Lokale overheden zijn verantwoordelijk voor zaken die indirect door Europese wetgeving worden geregeld. Voorbeelden zijn de verwerking van afval (inclusief recycling en terugwinning), de duurzaamheid van gebouwen en van de aanschaf van goederen en diensten en mededinging. Het merendeel van die Europese wetgeving is overgezet naar Britse wetgeving en zal dus niet automatisch worden beïnvloed wanneer het VK uit de EU stapt. Maar het VK kan na de Brexit deze wetgeving wel aanpassen en/of intrekken, bijvoorbeeld omdat het af wil van Europese bureaucratie die zogenaamd het succes van Britse bedrijven in de weg zit.
Onderhandelen
Om uit de EU te stappen moet het VK een beroep doen op Artikel 50, dat waarschijnlijk niet eerder dan volgend voorjaar in werking zal treden (Terugtrekking, met overeenstemming over de voorwaarden en geratificeerd door het Britse parlement en alle EU-lidstaten, dient vervolgens binnen twee jaar plaats te vinden).

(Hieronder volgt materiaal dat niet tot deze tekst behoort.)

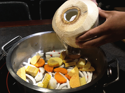 不用怕等的时间太长,好鸡肉当然不会让你等太久,只需要两分钟就开锅了,再稍微焖一小会儿,口味会更棒。原来吃过几回文昌鸡,无论是肉本质的味道还是口感,感觉是吃过的最棒的鸡肉。再加上煮开的椰汁,口味鲜甜。

Er zijn twee belangrijke taken die de Britse regering dient te voltooien:
- het formuleren van een aanvaardbare terugtrekkingsovereenkomst (die de voorwaarden van de ‘scheiding’ regelen)
- het bereiken van overeenstemming over de toekomstige relatie tussen het VK en de EU, met inbegrip van mogelijke handelsovereenkomsten (dit duurt waarschijnlijk 5 jaar en is wellicht pas mogelijk nadat de terugtrekkingsovereenkomst is geformuleerd)
Totdat een Brexit heeft plaatsgevonden, kan het VK geen andere internationale handelsverdragen sluiten omdat het zich aan EU-wet- en regelgeving heeft te houden. Het complexe proces van terugtrekking, waarvoor overigens nog geen plan bestaat, gaat waarschijnlijk 1 miljard kosten. De nieuwe minister-president, Teresa May, laten weten te streven naar een nieuw verdrag op maat, maar de voorwaarden van zo’n verdrag zijn nog niet bekend. De houding van andere Europese landen ten opzichte van Groot-Brittannië varieert aanzienlijk. Datzelfde geldt waarschijnlijk voor hun bereidheid om het VK in de onderhandelingen tegemoet te komen.
‘Ook lokale overheden worden betrokken bij de onderhandelingen met Europa’
Na een lobby van lokale overheden heeft het Britse kabinet besloten dat zij betrokken zullen zijn bij de onderhandelingen met Europa en dat bepaalde bevoegdheden direct van de EU aan het lokaal bestuur zullen worden overgedragen. De nieuwe minister van Lokaal Bestuur heeft daarover gezegd: ‘Als we macht overdragen van de EU naar Groot- Brittannië, dan is Whitehall (Engelse rijksoverheid) volgens mij niet per definitie de bestemming. Recente brieven van Solace (de organisatie die hogere ambtenaren en senior managers in de publieke sector vertegenwoordigt) aan de nieuwe Britse regering benadrukken het belang van dit idee en bieden onze hulp aan bij het kiezen van de juiste weg vooruit.
Britse burgers die voor een Brexit hebben gestemd zijn veelal tegen het sluiten van compromissen. Het is daardoor moeilijk voor te stellen hoe de nieuwe regering een deal kan sluiten over onze toekomstige relatie met Europa, die door de meerderheid van de Britten zal worden gesteund. Voor het lokaal bestuur betekent dat nog meer uitdagingen en ongewenste onzekerheid. Alsof de huidige transities nog niet voldoende zijn. Een ding is duidelijk: een Brexit is onafwendbaar. En dus trekken we ons gezicht in de plooi en modderen we door. Volgens de beste Britse traditie en zoals we altijd doen!